## SOURCE MATERIAL

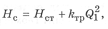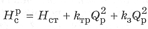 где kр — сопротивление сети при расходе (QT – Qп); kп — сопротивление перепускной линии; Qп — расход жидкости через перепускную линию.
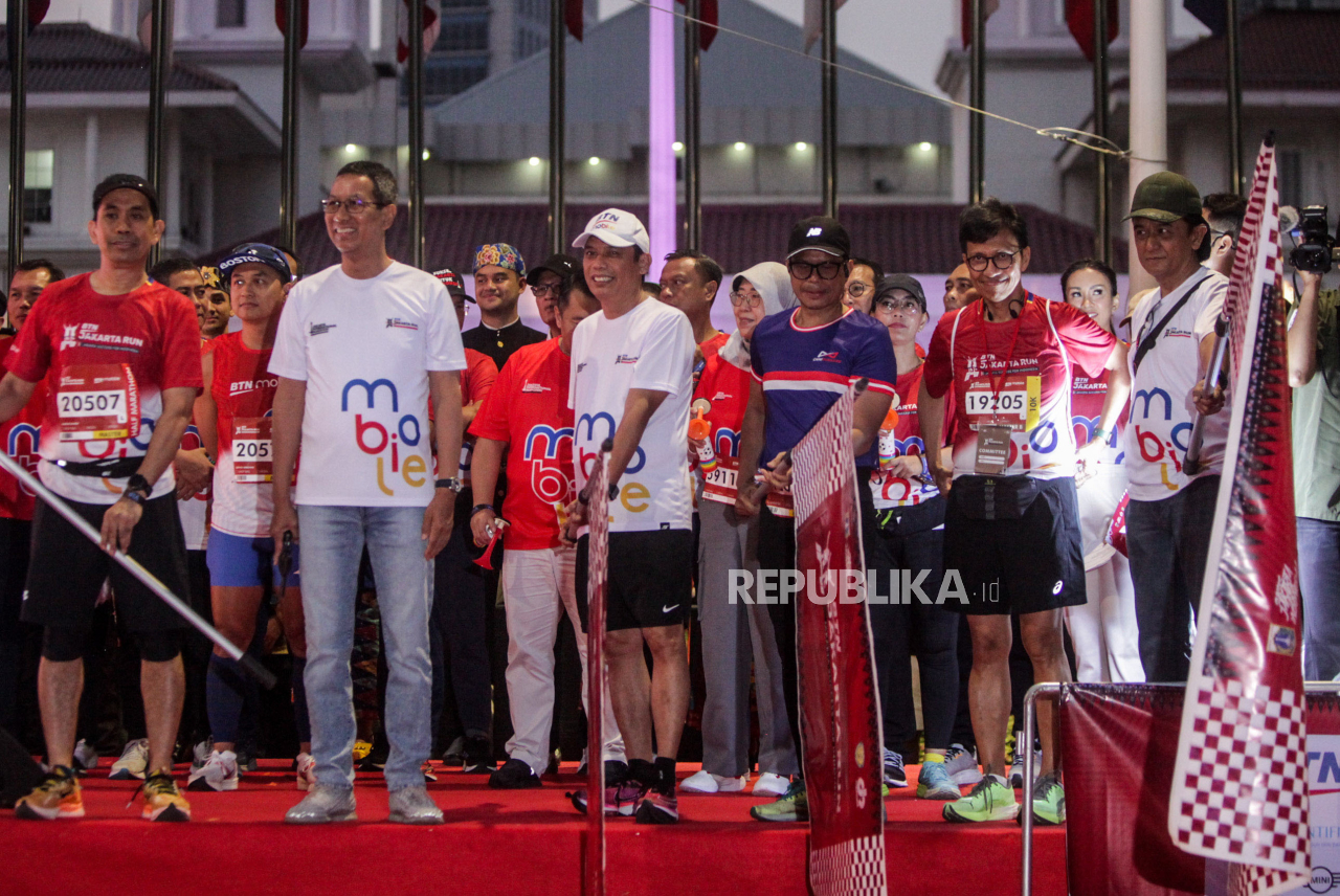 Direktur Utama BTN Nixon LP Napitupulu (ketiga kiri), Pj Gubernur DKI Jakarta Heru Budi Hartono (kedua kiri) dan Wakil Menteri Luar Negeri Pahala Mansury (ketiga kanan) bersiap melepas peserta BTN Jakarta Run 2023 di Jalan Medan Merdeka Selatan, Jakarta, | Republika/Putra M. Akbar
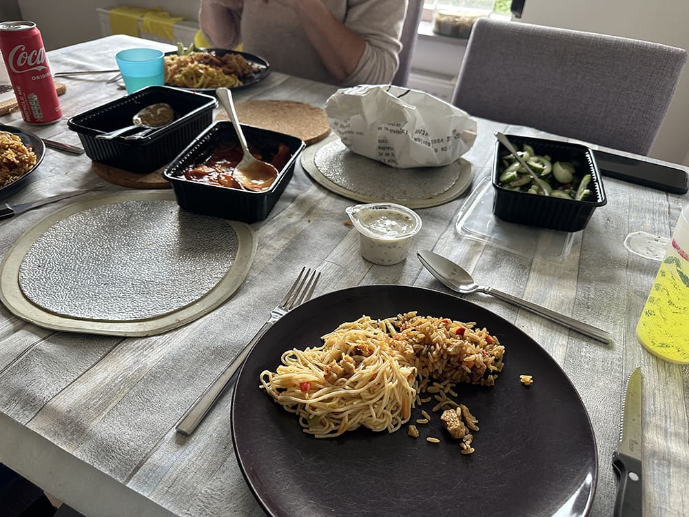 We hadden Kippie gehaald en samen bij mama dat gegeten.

## TASK DETAILS
Each line of the listing above should be retyped exactly, with no pictures.

## WRITTEN RESPONSE
 где kр — сопротивление сети при расходе (QT – Qп); kп — сопротивление перепускной линии; Qп — расход жидкости через перепускную линию.
 Direktur Utama BTN Nixon LP Napitupulu (ketiga kiri), Pj Gubernur DKI Jakarta Heru Budi Hartono (kedua kiri) dan Wakil Menteri Luar Negeri Pahala Mansury (ketiga kanan) bersiap melepas peserta BTN Jakarta Run 2023 di Jalan Medan Merdeka Selatan, Jakarta, | Republika/Putra M. Akbar
 We hadden Kippie gehaald en samen bij mama dat gegeten.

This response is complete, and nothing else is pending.